(Beginning of Listed entries)

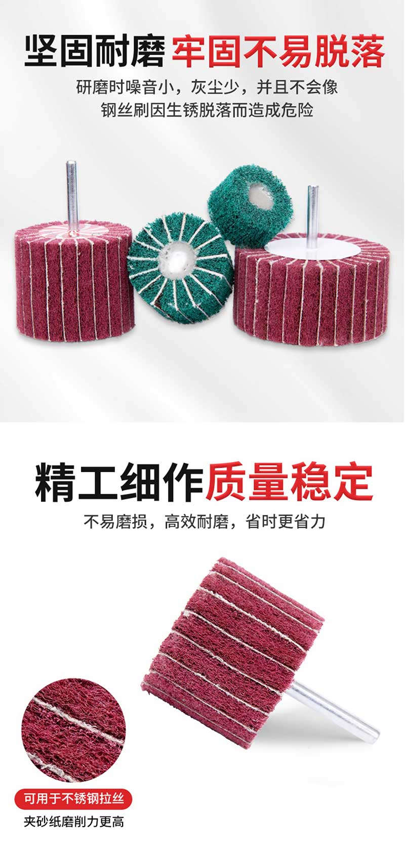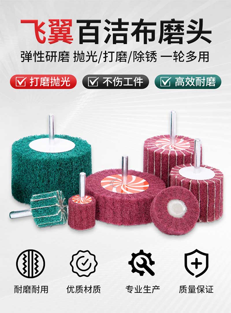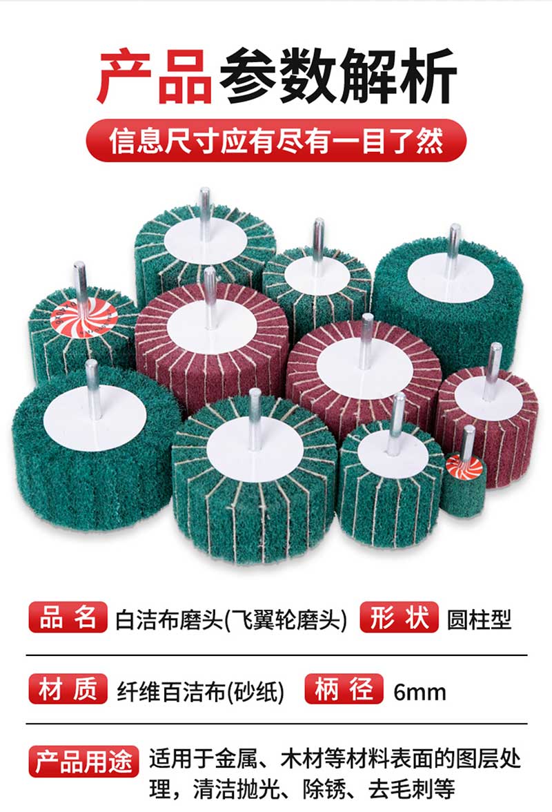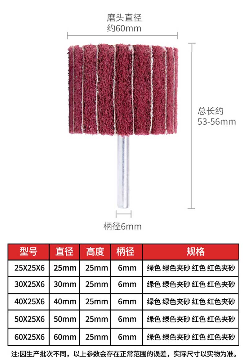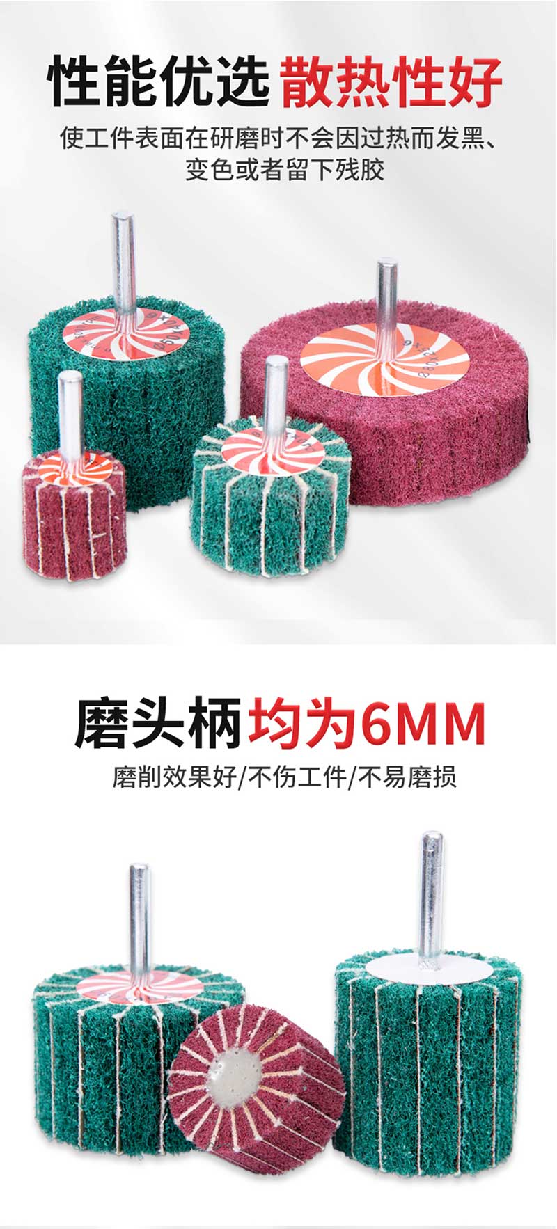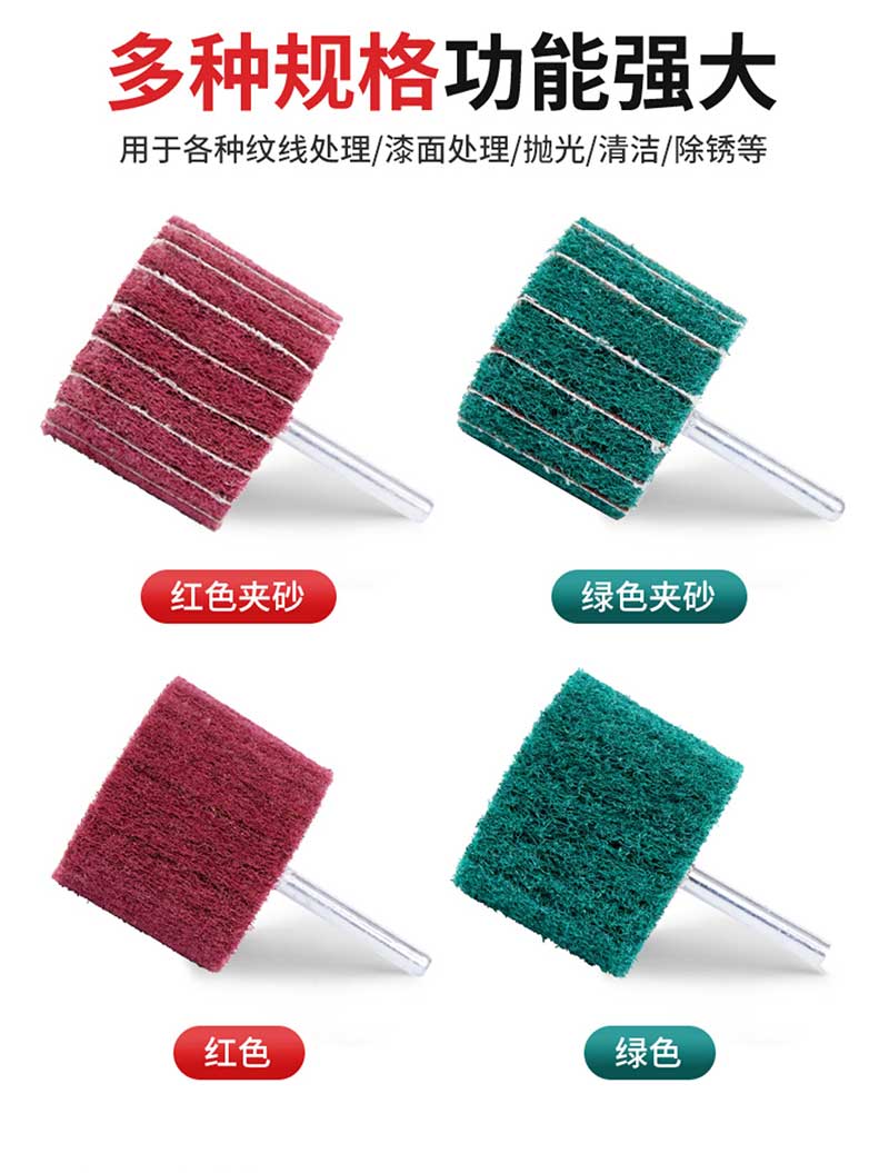 红色、绿色夹砂带柄6mm百洁布磨头 180目与240可选
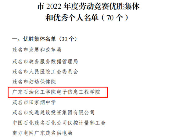 日前,茂名市劳动竞赛委员会公布了《2022年度劳动竞赛优胜集体和优秀个人名单》,电子信息工程学院被评为“茂名市2022年度劳动竞赛优胜集体”,这是全院教职工团结奋斗收获的光荣勋章。
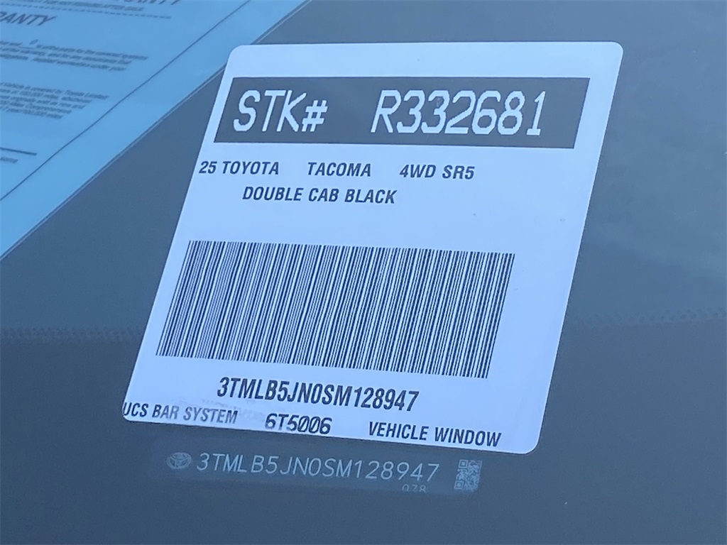 Looks and runs great. Good tires and brakes. Engine and transmission run smooth. Damage free. Immaculate inside and out. FREE CARFAX! We have great interest rate and financing for ALL credit situations.. Black 2025 Toyota Tacoma SR5 4WD 8-Speed Automatic 2.4L 4-Cylinder 4WD.
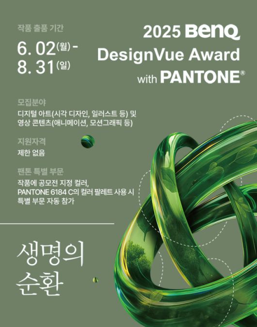 [디지털데일리 김문기 기자] 벤큐코리아(대표 소윤석)는 디지털 아트 및 영상 콘텐츠 분야의 디자인 공모전 ‘2025 벤큐코리아 디자인뷰 어워드 with 팬톤’을 개최한다고 23일 발표했다.
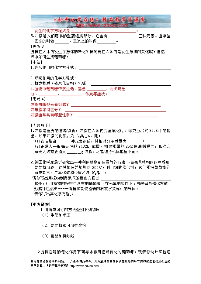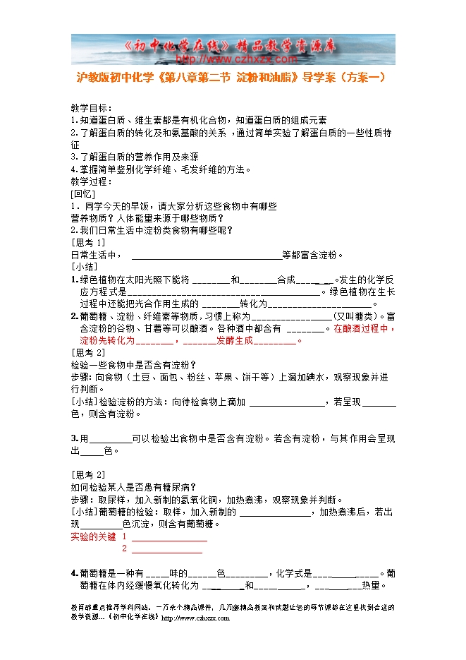 沪教版初中化学《第八章第二节 糖类 油脂》导学案(方案一)
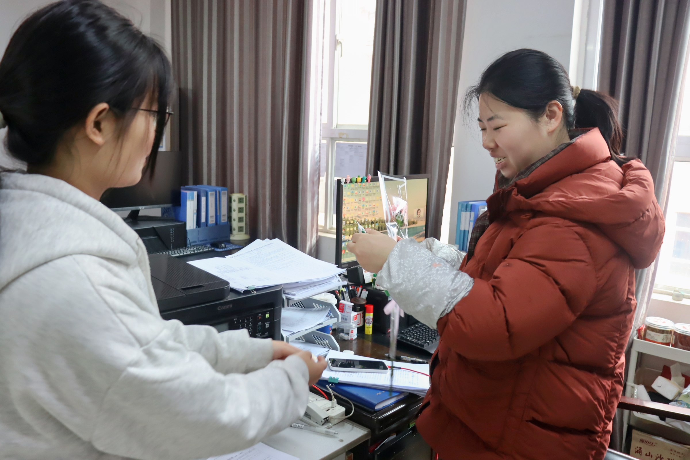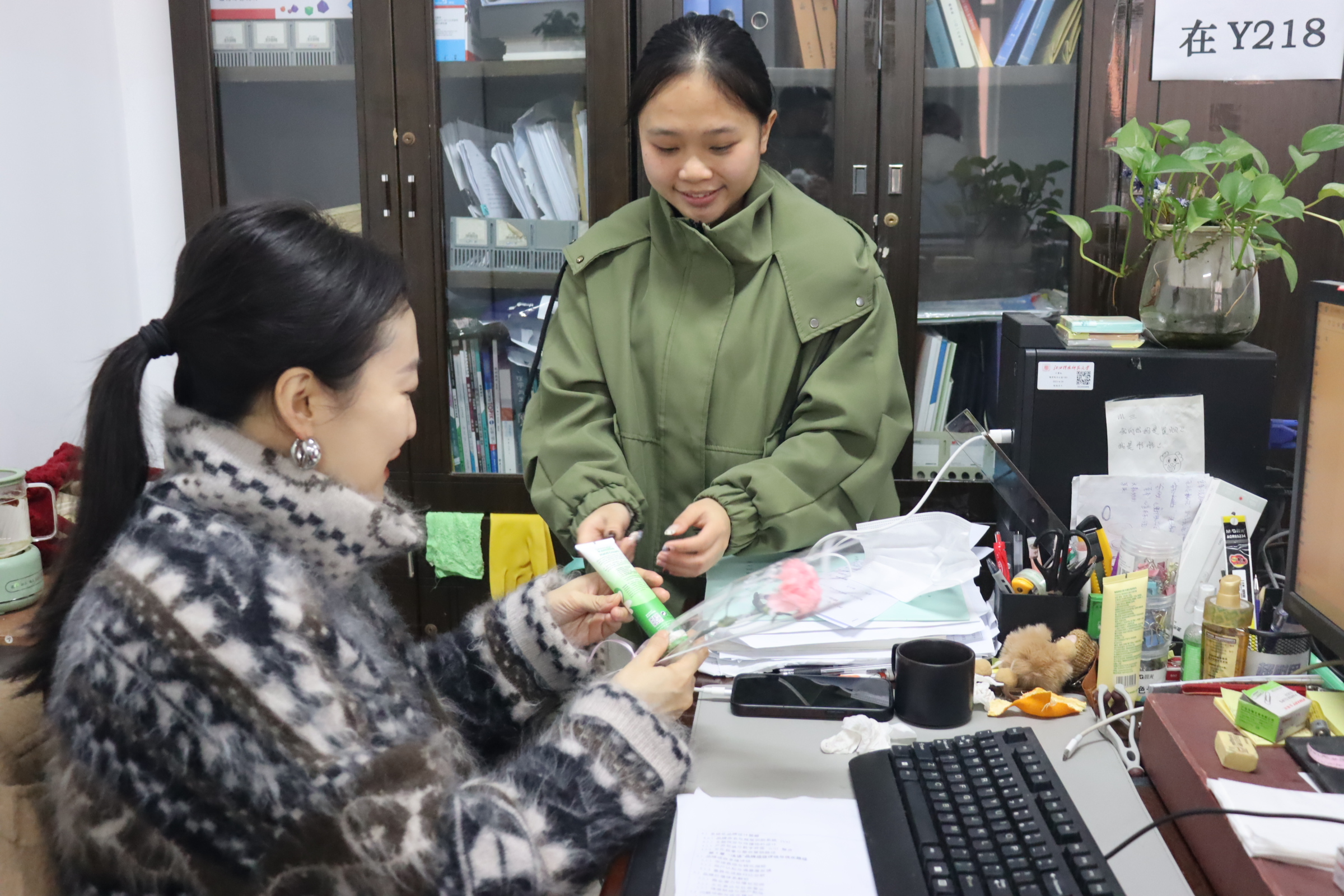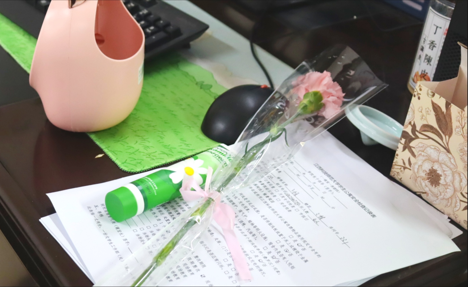 办公室里,老师们将鲜花轻轻摆放在案头,原本堆满文件的办公桌瞬间多了几分春色。有老师笑言,这是“这个春天收到的最温柔的问侯”。这份芬芳的礼物,也让“育人”工作增添了几分浪漫与坚守。
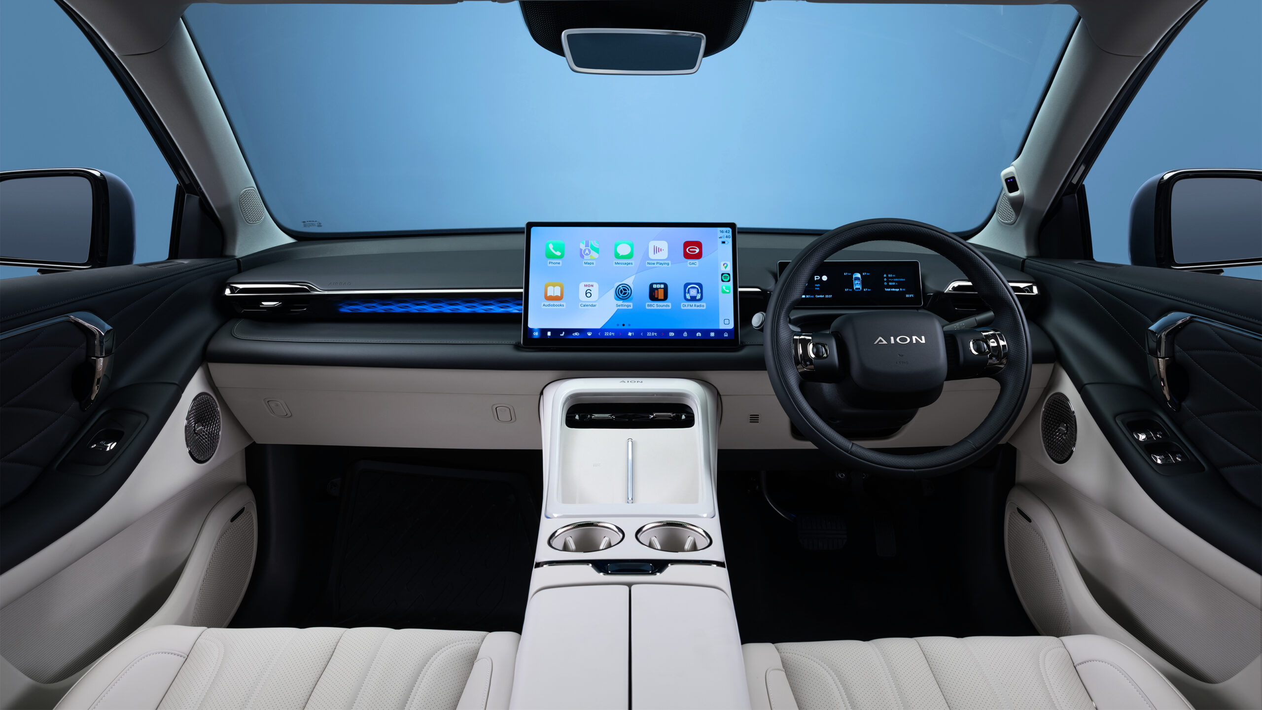 Другие стандартные комплекты включают 64-цветное окружающее освещение, полиуретановую веганскую обивку и 19-дюймовые колеса из алмазного сплава. Есть большой центральный сенсорный экран с подключением к Android и Apple и логически расположенными меню, и это до того, как Ллойд пробежит 10 000 тестовых миль и сообщит инженерам GAC о пересмотре программного обеспечения. Однако ему нужно будет запросить освещенные кнопки рулевого колеса.
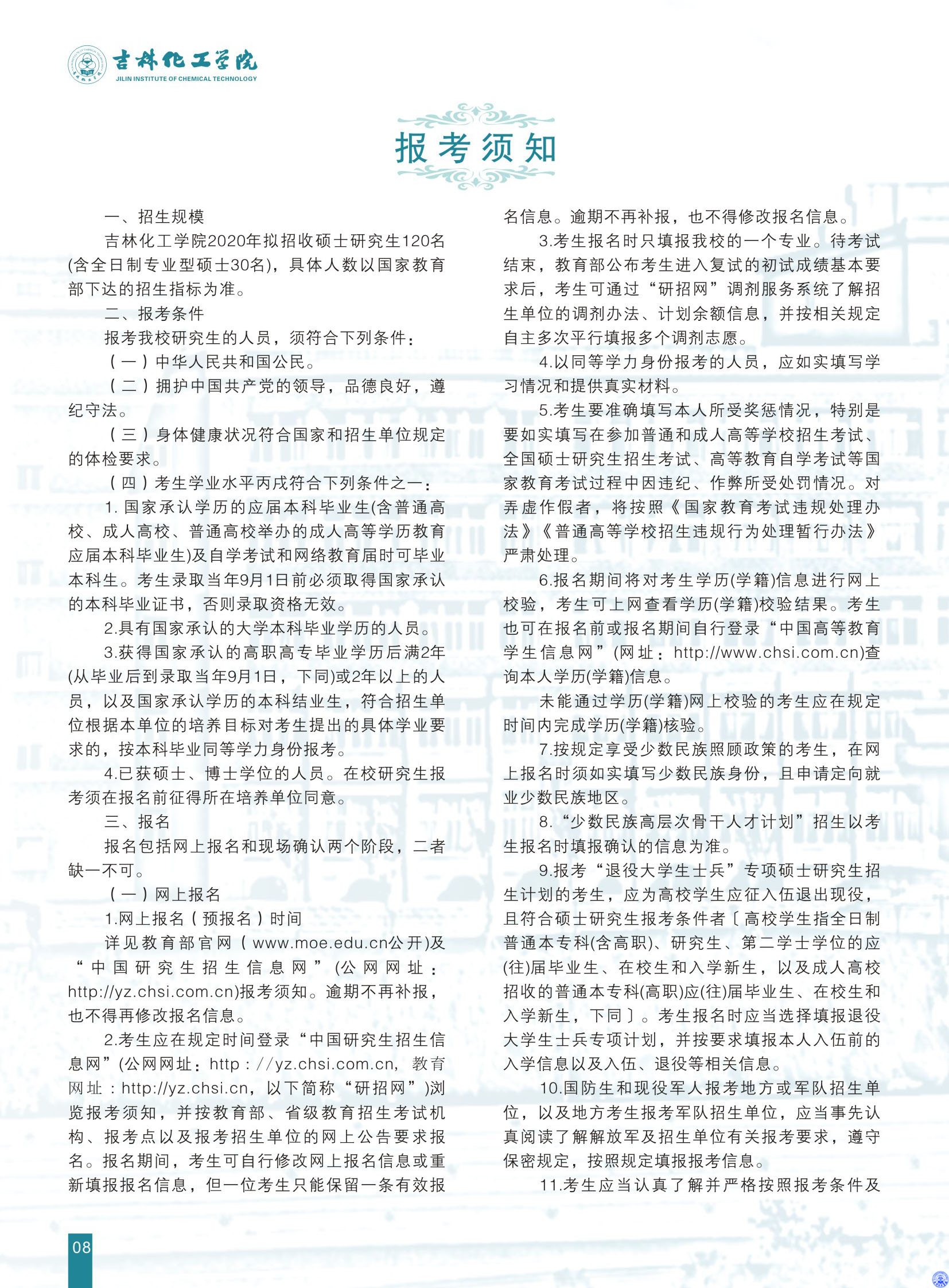 當(dāng)前位置: 招生簡(jiǎn)章 > 吉林化工學(xué)院2020年全日制碩士研究生招生簡(jiǎn)章
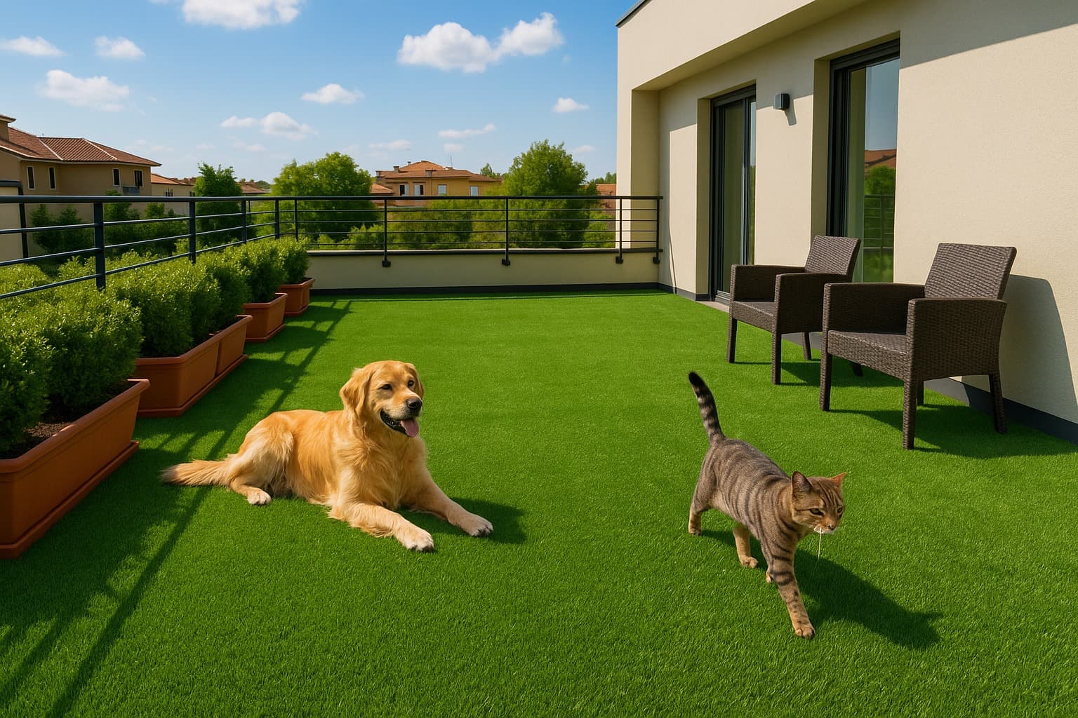Sicura, atossica e certificata, la nostra erba sintetica per terrazze è ideale per famiglie con bambini o animali domestici.

(End of Listed entries)

This exercise asks for an exact copy of the lines from the first one in the data through the line that contains "[디지털데일리 김문기 기자]", pictures excluded.

(Reply)
 红色、绿色夹砂带柄6mm百洁布磨头 180目与240可选
 日前,茂名市劳动竞赛委员会公布了《2022年度劳动竞赛优胜集体和优秀个人名单》,电子信息工程学院被评为“茂名市2022年度劳动竞赛优胜集体”,这是全院教职工团结奋斗收获的光荣勋章。
 Looks and runs great. Good tires and brakes. Engine and transmission run smooth. Damage free. Immaculate inside and out. FREE CARFAX! We have great interest rate and financing for ALL credit situations.. Black 2025 Toyota Tacoma SR5 4WD 8-Speed Automatic 2.4L 4-Cylinder 4WD.
 [디지털데일리 김문기 기자] 벤큐코리아(대표 소윤석)는 디지털 아트 및 영상 콘텐츠 분야의 디자인 공모전 ‘2025 벤큐코리아 디자인뷰 어워드 with 팬톤’을 개최한다고 23일 발표했다.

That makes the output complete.